Levison James Wood , VR (born 5 May 1982) is an English explorer, writer, photographer and documentary-maker known for his long-form walking expeditions and his work highlighting environmental issues, Indigenous communities, and human stories from remote regions of the world. He has produced numerous books and television documentaries covering subjects ranging from conservation in the Amazon to following the migration of Elephants across Botswana. Levison is Chancellor at Staffordshire University, a UNICEF UK Ambassador, and WWF Ambassador.

==Overland expeditions==
Beginning in December 2013, over the course of nine months, he undertook the first ever expedition to walk the entire length of the river Nile from the Nyungwe Forest in Rwanda. The expedition was inspired by the explorers John Hanning Speke, Richard Francis Burton, David Livingstone and Henry Morton Stanley. Wood was accompanied by numerous guides, journalists (including Matthew Power), and friends along the different stages of the route. The expedition was commissioned into a four part television programme for Channel 4 that aired in January 2015, and Wood detailed the trip in his book Walking the Nile. Power died during the programme from severe heat stroke. Wood was forced to abandon a 450 mi section in South Sudan due to heavy fighting caused by civil war.
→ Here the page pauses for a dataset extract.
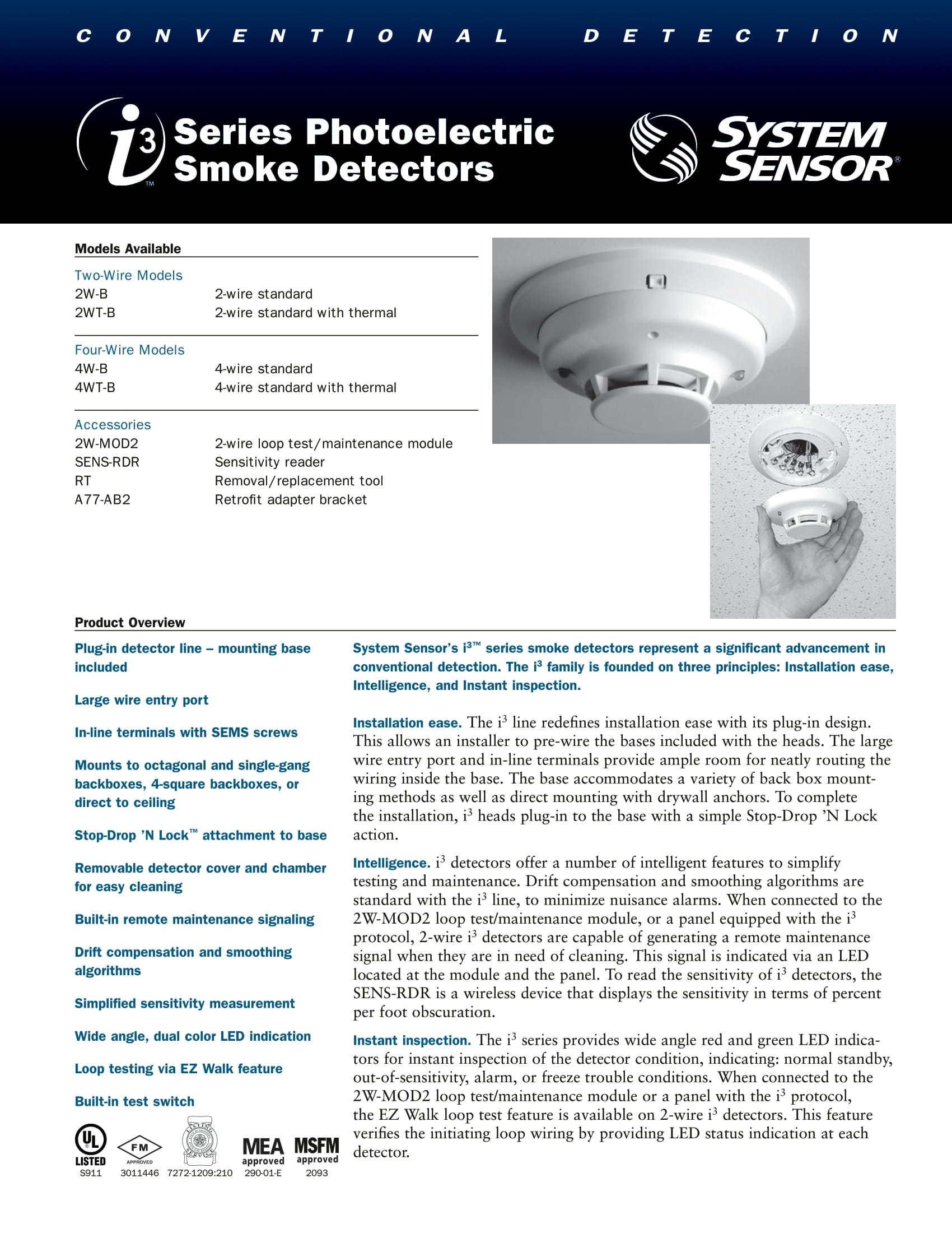 i3 Series Photoelectric Smoke Detectors บริษัท โฮมเทล อินเตอร์เนชั่นแนล จำกัด

In 2015, Wood embarked a walk spanning the length of the Himalayas from Afghanistan to Bhutan, filming a documentary series and writing another book about the experience, which was published in January 2016.
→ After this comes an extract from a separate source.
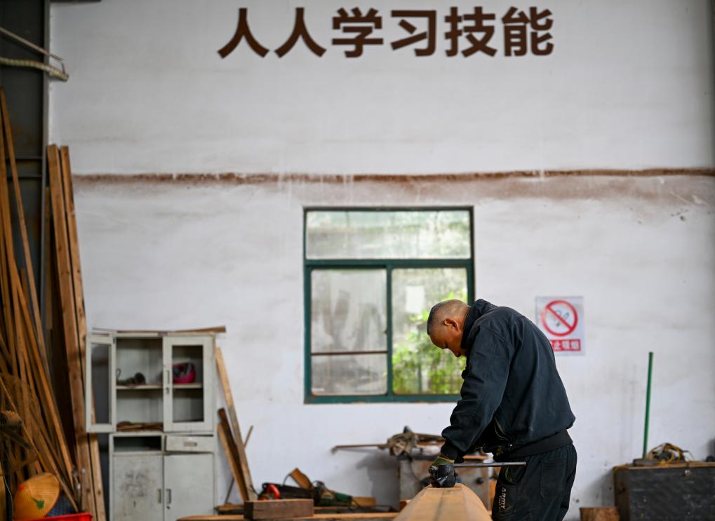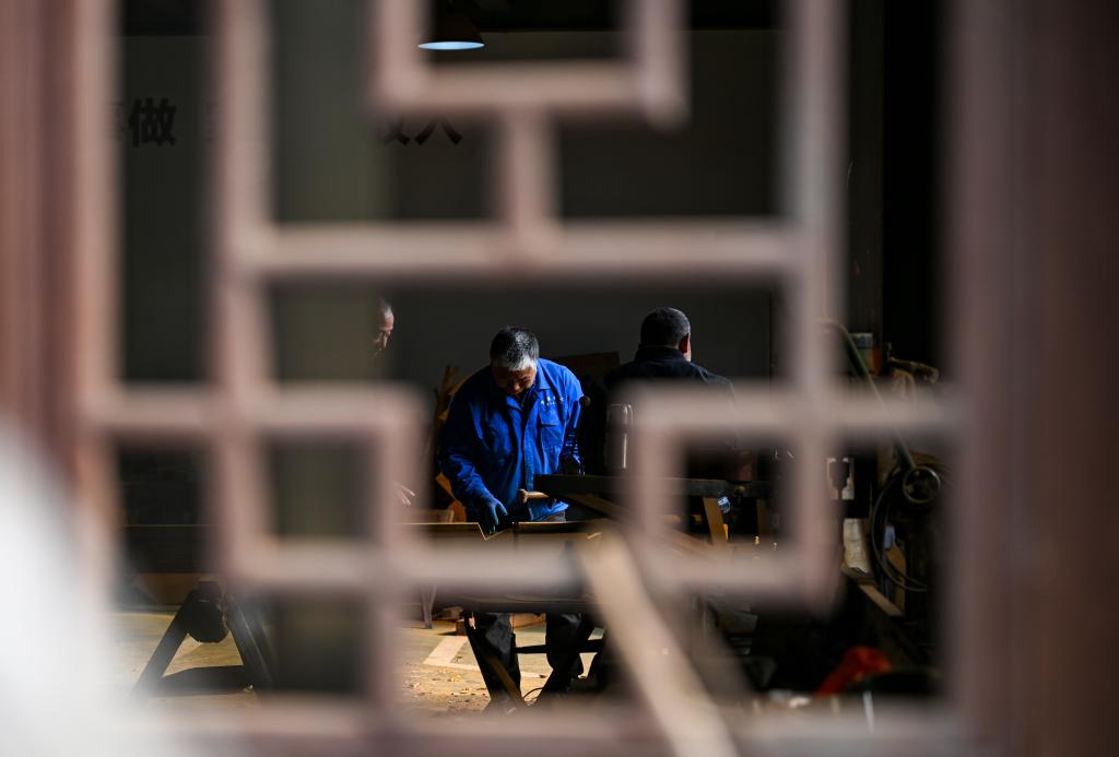 11月22日,在“古建共富工坊”,木工师傅在给木材划线。

In September 2017, he began a full circumnavigation of the Arabian Peninsula: travelling from Syria, through Iraq, the Gulf, crossing part of the Empty Quarter desert in Oman, traversing Yemen, Saudi Arabia, Jordan and Israel to finish in Lebanon; an expedition totalling 5000 mi. During the course of the journey, he was embedded with Iraqi troops fighting ISIS where he witnessed the liberation of Sharqat and also encountered Palestinian guerrillas and Hezbollah operatives. He visited the city of Palmyra which was then under Russian control. This journey was documented in the Discovery series Arabia With Levison Wood.
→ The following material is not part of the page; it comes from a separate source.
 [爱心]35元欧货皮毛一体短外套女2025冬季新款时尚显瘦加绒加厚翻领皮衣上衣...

Channel 4 broadcast Walking the Americas from January 2017, featuring an expedition from Mexico to Colombia. The channel then broadcast his journey along the Caucasus in the four-episode series From Russia to Iran: Crossing Wild Frontiers.

In May 2020, Channel 4 commenced broadcasting Walking with Elephants, where Levison followed the 650-mile migration of elephants across Botswana.

In August 2023, Levison presented Levison Wood: Walking with...; a three-part wildlife documentary series that aired on Channel 4.

==Bibliography==
- 2015 – Walking the Nile
- 2016 – Walking the Himalayas: An Adventure of Survival and Endurance
- 2017 – Eastern Horizons: Hitchhiking the Silk Road
- 2017 – Walking the Americas
- 2018 – Arabia: A Journey Through The Heart of the Middle East
- 2019 – Incredible Journeys: Discovery, Adventure, Danger, Endurance ISBN 9781526360434
- 2020 - The Last Giants
- 2020 - Encounters: A Photographic Journey
- 2021 - The Art of Exploration
- 2022 - Endurance
- 2023 - Escape from Kabul
- 2025 - The Great Tree Story
==Life==
The son of teachers Levison Wood and Janice, née Curzon, Wood was born on 5 May 1982 at the North Staffordshire Royal Infirmary in Hartshill, Staffordshire. He grew up in nearby Forsbrook and was educated at Painsley Catholic College, before obtaining an honours degree in history at the University of Nottingham. He was commissioned as an officer into the Parachute Regiment on 13 April 2006 where he spent four years, serving in Afghanistan in Helmand, Kandahar and Zabul. Wood was promoted to Captain on 13 October 2008.

He left the army in April 2010, took up a career in writing and photography, and has become a bestselling author. He has extensive experience in travel and exploration in over 100 countries and in 2011 was made a Fellow of the Royal Geographical Society. He is an elected Fellow of the Explorers Club in New York, Fellow of the Royal Society of Arts, a visiting Fellow of The Business School and holds honorary doctorates at Staffordshire University and The University of Nottingham.

Wood acts as a patron and ambassador for a number of charities including UNICEF, the Tusk Trust, The Glacier Trust, the ABF The Soldiers' Charity and The Gurkha Welfare Trust. He rejoined the army in 2012, serving as a reservist Major in the 77th Brigade.

In March 2024 Wood was appointed as Chancellor of Staffordshire University, taking up the position on the 1st May.

==Awards==

===Military Awards & Decorations===
| Operational Service Medal for Afghanistan with Afghanistan clasp |
| Queen Elizabeth II Diamond Jubilee Medal |
| Volunteer Reserves Service Medal |
| Army Achievement Medal (US Army award) |

===Literary Awards===

Walking the Himalayas was voted "Adventure Travel Book of the Year" for 2016 at the Edward Stanford Travel Writing Awards.

Wood was awarded an Honorary Doctorate by Staffordshire University in 2017 in recognition of his work as an explorer, writer and photographer.